I know how to prove that "if the distribution belongs to an exponential family, then there exists an unbiased estimator $\hat{\tau}$ of $\tau$ such that $Var(\hat{\tau})$ attains the CRLB".

But how to prove the another direction?

For some $\tau=\tau(\theta)$, there exists an unbiased estimator $\hat{\tau}$ of $\tau$ such that $Var(\hat{\tau})$ attains the CRLB, then the distribution belongs to an exponential family.

Best Answer

It was shown by R. A. Wijsman in $\rm[I]$ the only-if condition holds true.
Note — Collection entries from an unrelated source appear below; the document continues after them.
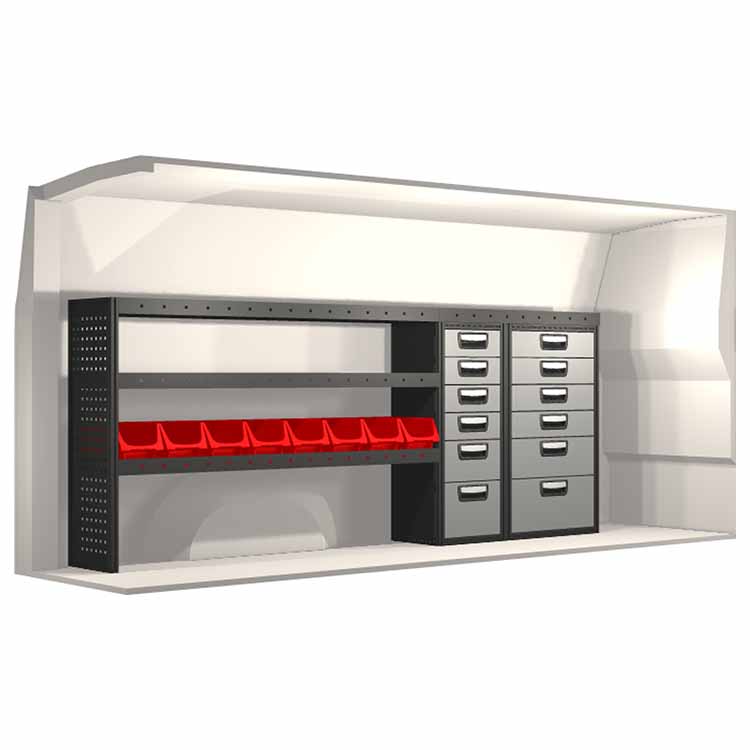 The racking has been specially designed to ensure the optimum fit to the vehicle, as well as the best possible functionality and safety. It has been developed for professional use, is flexible and is intended for service jobs in various types of business. All shelves are equipped with rubber mats, and all drawers with foam plastic liners. Assembly material is included.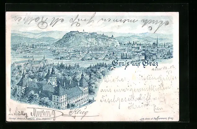 Lithographie Graz, Ortsansicht aus der Vogelschau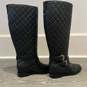 NWOT Kate Spade Sutton Quilted Riding Pull On Boots. Black/gold buckles 6 1/2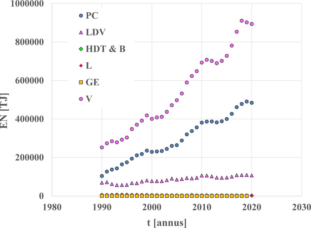 National annual energy consumption by road vehicles in the cumulative categories: PC - passenger cars, LDV - light duty vehicles, HDT & B – heavy-duty trucks and buses, L - category L, GE - fuel vapours, V - road vehicles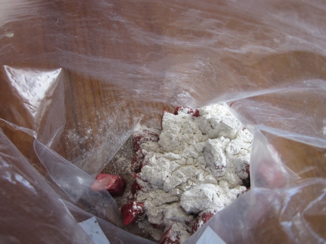 1. Place beef in a ziplock bag. Mix the flour, salt and pepper and pour over beef. Close the bag and shake until completely coated. Shake off excess flour.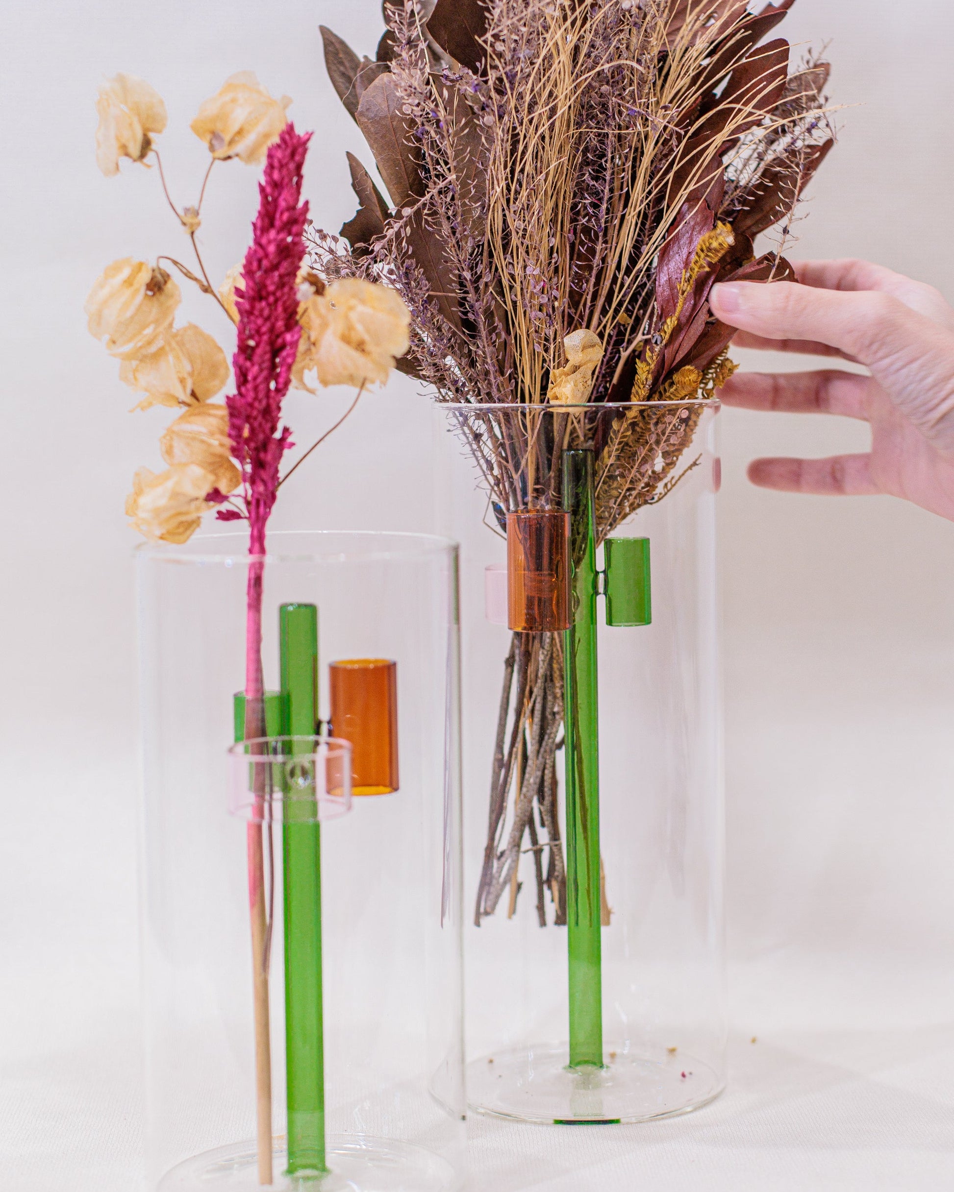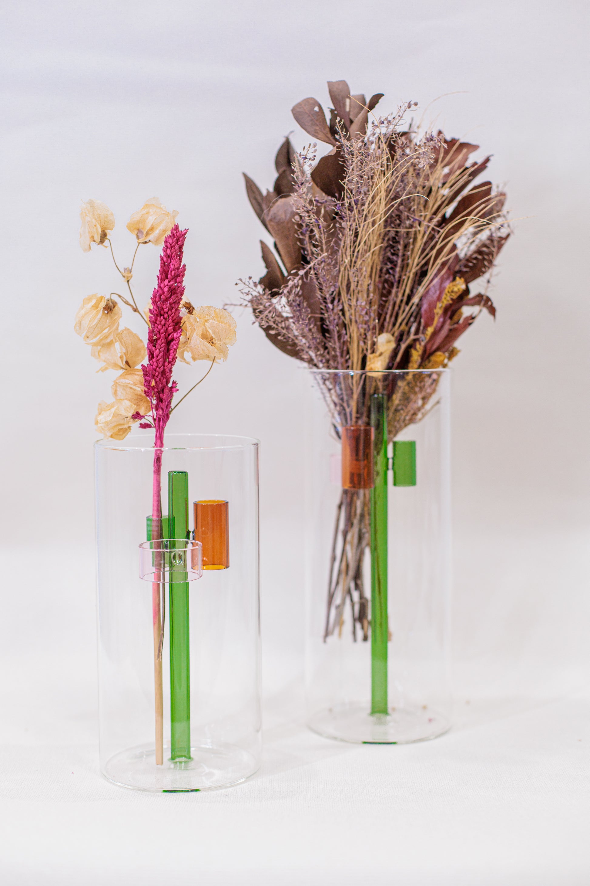 Cada peça traz um suporte interno colorido que sustenta os caules e facilita a montagem de arranjos, deixando suas flores sempre no lugar certo e a decor cheia de charme.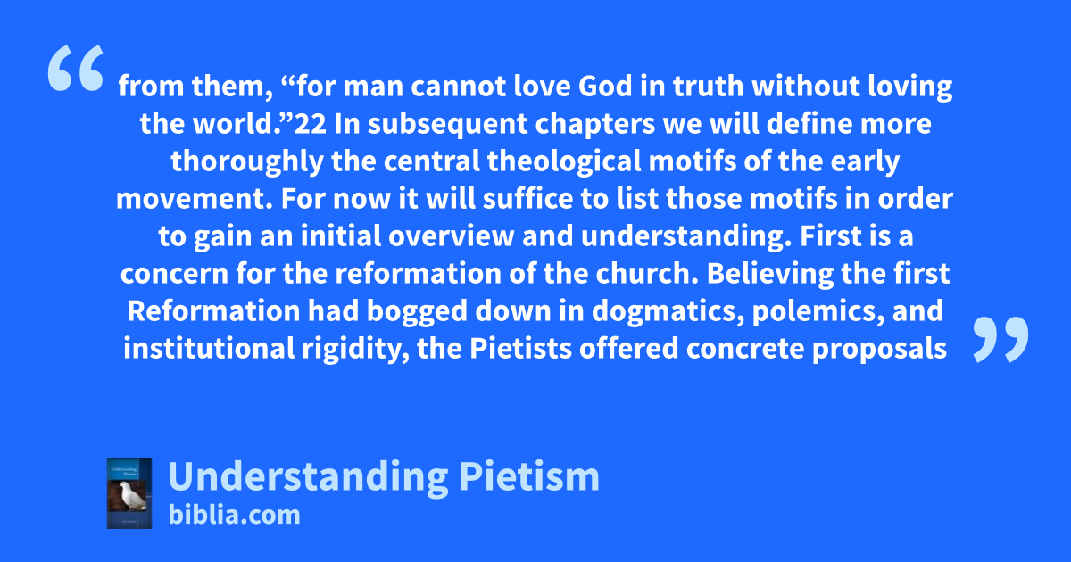 from them, “for man cannot love God in truth without loving the world.”22 In subsequent chapters we will define more thoroughly the central theological motifs of the early movement. For now it will suffice to list those motifs in order to gain an initial overview and understanding. First is a concern for the reformation of the church. Believing the first Reformation had bogged down in dogmatics, polemics, and institutional rigidity, the Pietists offered concrete proposals
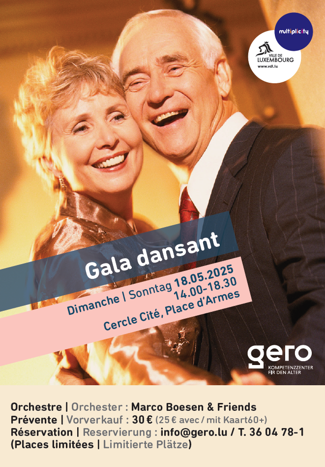 Après le grand succès de 2024, l'événement « Gala dansant », organisé conjointement par GERO et le Service Seniors de la Ville de Luxembourg, revient pour une nouvelle édition, accompagnée par Marco Boesen and friends.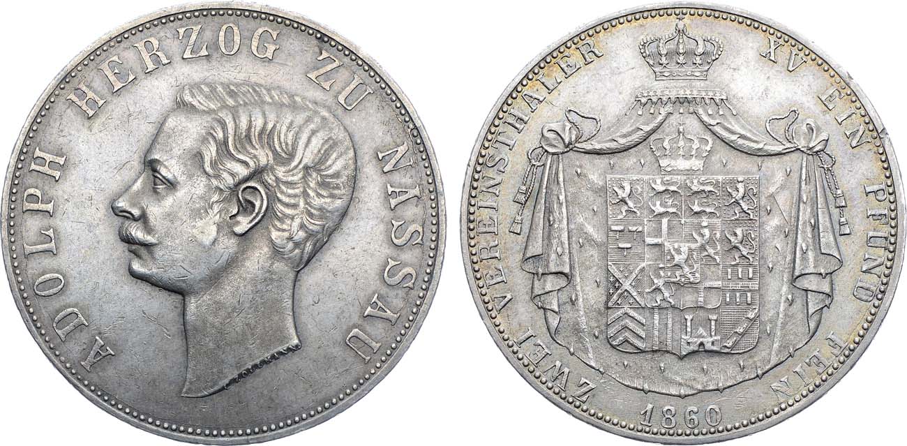 Серебро 900 пробы. 37,13г. Висбаден (В). Тираж 130064 экз. KM 76. Davenport 748. XF/AU.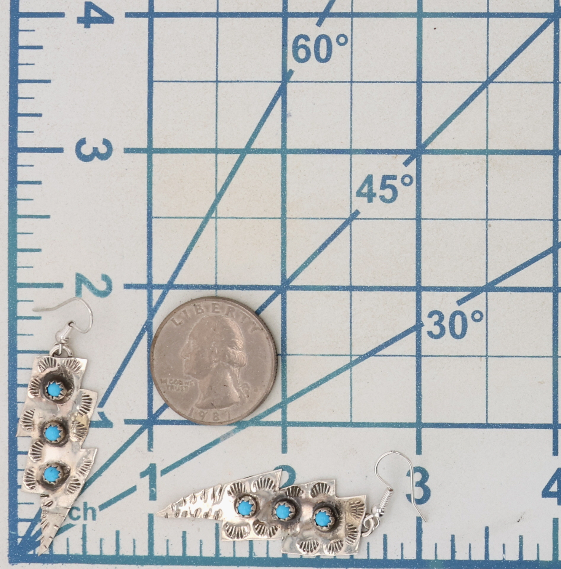 Francis Yazzie Navajo Sterling Kingman Turquoise Lightning Bolt Earrings 2g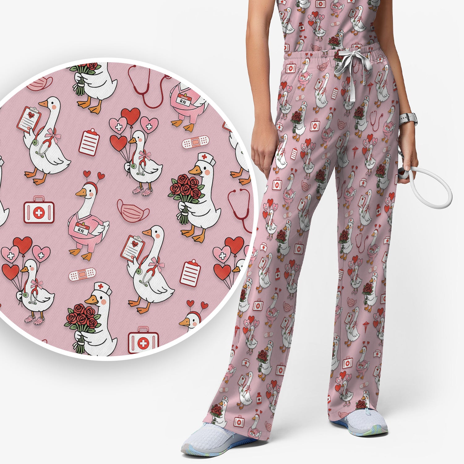 Cute Goose Nurse Medical Pattern Scrub Set, Women's Scrub Sets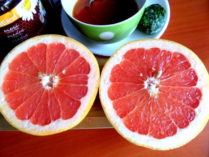 Из выжатого сока и отлила половину,но написала меньше,так как не все любят горчинку этого фрукта...Я же его обожаю и ем всю зиму и весну почти каждый день!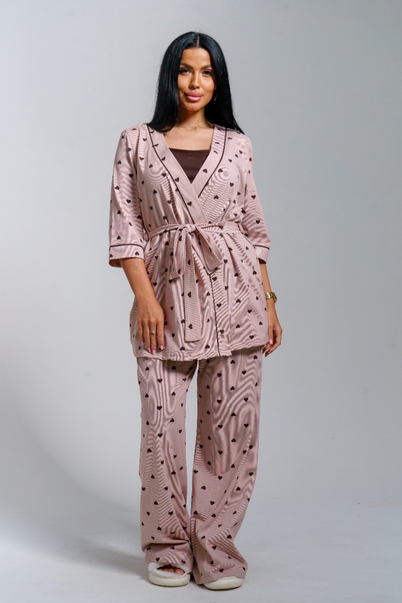 Представляем Вашему вниманию женскую пижаму-тройку из хлопка. Нежная и удобная комплектная пижама создана специально для комфортного сна и домашнего отдыха. Мягкий трикотажный состав из натурального хлопка гарантирует приятное ощущение на коже и поддерживает оптимальный микроклимат тела.

But there is more to it.

Nevertheless, at the outset, let's have a sketch of how Wijsman approached the problem. Consider the sample space be $(\mathscr X, \boldsymbol{\mathscr A}, \mu)$ and the parameter space be $(\Theta, \boldsymbol{\mathscr B}, \lambda).$ He sets up the regularity conditions that $\Theta$ is an open interval, $p_ \theta(x)$ is $\boldsymbol{\mathscr A}$-measurable for each $\theta$ and continuously differentiable function of $\theta$ for every $x\in \mathscr X,$ and the other conditions being that $0 < \operatorname{Var}[\partial_\theta \ln p_\theta(X) ]<\infty$, differentiation under the integral sign being valid for all $\theta.$

The result is under the regularity conditions, equality in CRLB exists for all $\theta$ (if) only if the density of the corresponding family is for almost everywhere $\mu$ for all $\theta$ $$p_\theta(x) = c(\theta)h(x)\exp[q(\theta)t(x)]$$ where $c(\theta), ~h(x) >0; c(\theta), q(\theta)$ are continuously differentiable and $q(\theta)$ is strictly monotonic function of $\theta.$

The derivation is straightforward:

$\bullet$ Observe $p_\theta(x)$ and $\partial_\theta\ln p_\theta(x)$ are measurable functions on $(\mathscr{X\times \Theta}, ~\boldsymbol{\mathscr{A}}\times \boldsymbol{\mathscr B})$ since they are Carathéodory functions.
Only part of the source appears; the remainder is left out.